The Poles in the immense crowd at Copacabana rejoice to hear that next World Youth Day will be in their very own Krakow
“I haven’t got words, I don’t know what to say,” said Hanna Banas, 25.
“We had heard it could be in Poland but we weren’t sure,” she told CNA.
She was with a group gathered among the three million youths at Copacabana beach July 28 for Mass with Pope Francis. The final Mass was the capstone of the world’s biggest Catholic youth gathering, which witnessed five days of celebrations.
After the Pope announced World Youth Day would be held in Krakow, thousands of Poles who were scattered across Copacabana Beach cheered loudly.
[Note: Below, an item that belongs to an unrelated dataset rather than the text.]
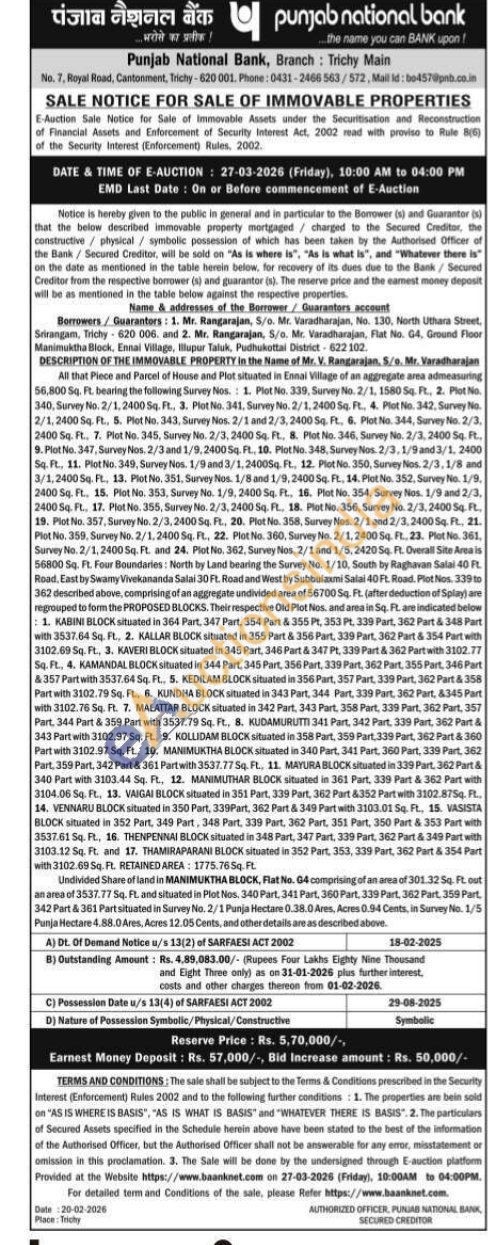 All that Piece and Parcel of House and Plot situated in Ennai Village of an aggregate area admeasuring 56,800 Sq. Ft. bearing the following Survey Nos. 1. Plot No. 339, Survey No. 2/1, 1580 Sq. Ft., 2. Plot No. 340, Survey No. 2/1,2400 Sq. Ft., 3. Plot No. 341. Survey No. 2/1,2400 Sq. Ft., 4. Plot No. 342, Survey No. 2/1,2400 Sq. Ft., 5. Plot No. 343, Survey Nos. 2/1 and 2/3, 2400 Sq. Ft. 6. Plot No. 344, Survey No. 2/3, 2400 Sq. Ft., 7. Plot No. 345, Survey No. 2/3, 2400 Sq. Ft., 8. Plot No. 346, Survey No. 2/3, 2400 Sq. Ft. 9. Plot No. 347, Survey Nos. 2/3 and 1/9,24005q. PL, 10. Plot No. 348, Survey Nos. 2/3, 1/9 and 3/1, 2400 Sq. Ft., 11. Plot No. 349, Survey Nos. 1/9 and 3/1, 2400Sq. Ft, 12. Plot No. 350, Survey Nos.2/3.1/8 and 3/1,2400 Sq. FL., 13. Plot No, 351, Survey Nos. 1/8 and 1/9, 2400 Sq. FL, 14. Plot No. 352, Survey No. 1/9, 2400 Sq. Ft. 15. Plot No. 353, Survey No. 1/9, 2400 Sq. Ft., 16. Plot No. 354, Survey Nos. 1/9 and 2/3, 2400 Sq. FL. 17. Plot No. 355, Survey No. 2/3, 2400 Sq. Ft, 18. Plot No. 356, Survey No. 2/3, 2400 Sq. Ft. 19. Plot No. 357, Survey No. 2/3, 2400 Sq. Ft., 20. Plot No. 358, Survey Nos. 2/1 and 2/3, 2400 Sq. Ft, 21. Plot No. 359. Survey No. 2/1,2400 Sq. Ft., 22. Plot No. 360, Survey No. 2/1,2400 Sq. Ft, 23. Plot No. 361. Survey No. 2/1, 2400 Sq. Ft. and 24. Plot No. 362. Survey Nos. 2/1 and 1/5, 2420 Sq. Ft. Overall Site Area is 56800 Sq. Ft. Four Boundaries: North by Land bearing the Survey No. 1/10, South by Raghavan Salai 40 Ft. Road, East by Swamy Vivekananda Salai 30 Ft. Road and West by Subbulaxmi Salai 40 Ft. Road. Plot Nos. 339 to 362 described above, comprising of an aggregate undivided area of 56700 Sq. Ft. (after deduction of Splay) are regrouped to form the PROPOSED BLOCKS. Their respective Old Plot Nos, and area in Sq. Ft. are indicated below 1. KABINI BLOCK situated in 364 Part, 347 Part. 354 Part & 355 Pt, 353 Pt, 339 Part, 362 Part & 348 Part with 3537.64 Sq. Ft., 2. KALLAR BLOCK situated in 355 Part & 356 Part, 339 Part, 362 Part & 354 Part with 3102.69 Sq. Ft., 3. KAVERI BLOCK situated in 345 Part, 346 Part & 347 Pt, 339 Part & 362 Part with 3102.77 Sq. FL, 4. KAMANDAL BLOCK situated in 344 Part, 345 Part, 356 Part, 339 Part, 362 Part, 355 Part, 346 Part &357 Part with 3537.64 Sq. Ft., 5. KEDILAM BLOCK situated in 356 Part, 357 Part, 339 Part, 362 Part &358 Part with 3102.79 Sq. Ft., 6. KUNDHA BLOCK situated in 343 Part, 344 Part, 339 Part, 362 Part, &345 Part with 3102.76 Sq. Ft. 7. MALATTAR BLOCK situated in 342 Part, 343 Part, 358 Part, 339 Part, 362 Part, 357 Part, 344 Part & 359 Part with 3537.79 Sq. Ft., 8. KUDAMURUTTI 341 Part, 342 Part., 339 Part, 362 Part & 343 Part with 3102.97 Sq. Fl., 9. KOLLIDAM BLOCK situated in 358 Part, 359 Part.339 Part, 362 Part & 360 Part with 3102.97 Sq. Ft, 10. MANIMUKTHA BLOCK situated in 340 Part, 341 Part, 360 Part, 339 Part, 362 Part. 359 Part, 342 Part & 361 Part with 3537.77 Sq. Ft., 11. MAYURA BLOCK situated in 339 Part, 362 Part & 340 Part with 3103.44 Sq. Ft, 12. MANIMUTHAR BLOCK situated in 361 Part, 339 Part & 362 Part with 3104.06 Sq. Ft, 13. VAIGAI BLOCK situated in 351 Part, 339 Part, 362 Part &352 Part with 3102.875q. Ft, 14. VENNARU BLOCK situated in 350 Part, 339Part, 362 Part & 349 Part with 3103.01 Sq. FL, 15. VASISTA BLOCK situated in 352 Part, 349 Part, 348 Part, 339 Part, 362 Part, 351 Part, 350 Part & 353 Part with 3537.61 Sq. Ft., 16. THENPENNAI BLOCK situated in 348 Part, 347 Part, 339 Part, 362 Part & 349 Part with 3103.12 Sq. Ft. and 17. THAMIRAPARANI BLOCK situated in 352 Part, 353, 339 Part, 362 Part & 354 Part with 3102.69 Sq. Ft. RETAINED AREA: 1775.76 Sq. Ft.

They waved their flags, screamed and posed for other youths who enthusiastically took their pictures.
Krakow pilgrim Anna Lesniara was among them.
“Yesterday and today were the best two days for me because we were all here today and because of this amazing announcement,” she remarked.
She said she wants to be a volunteer in 2016 after experiencing her first World Youth Day in Rio de Janeiro.
“Here so many people helped me and I want to help them in Krakow,” stated Lesniara. “I’m so excited and I’ve met so many different cultures and wonderful people.”
Ján Olczykowski, aged 28, said the Krakow selection was “marvelous” news.
“Poland will embrace the entire world,” he said. “Being here will all these good people of Brazil, we want to receive all young people.”
Olczykowski said that what he likes best about Pope Francis is that he is “very close to people, just like Blessed John Paul II.”
Other Polish pilgrims voiced their deep enthusiasm.
“I’m so happy and excited that it will be Krakow because I’m studying medicine there,” said Magdalena Witowska.
“This is really going to strengthen our faith and unite the youth in Poland,” she remarked.
The 23-year-old said that what she best likes of Pope Francis is that on his way to the stage, he blessed the children.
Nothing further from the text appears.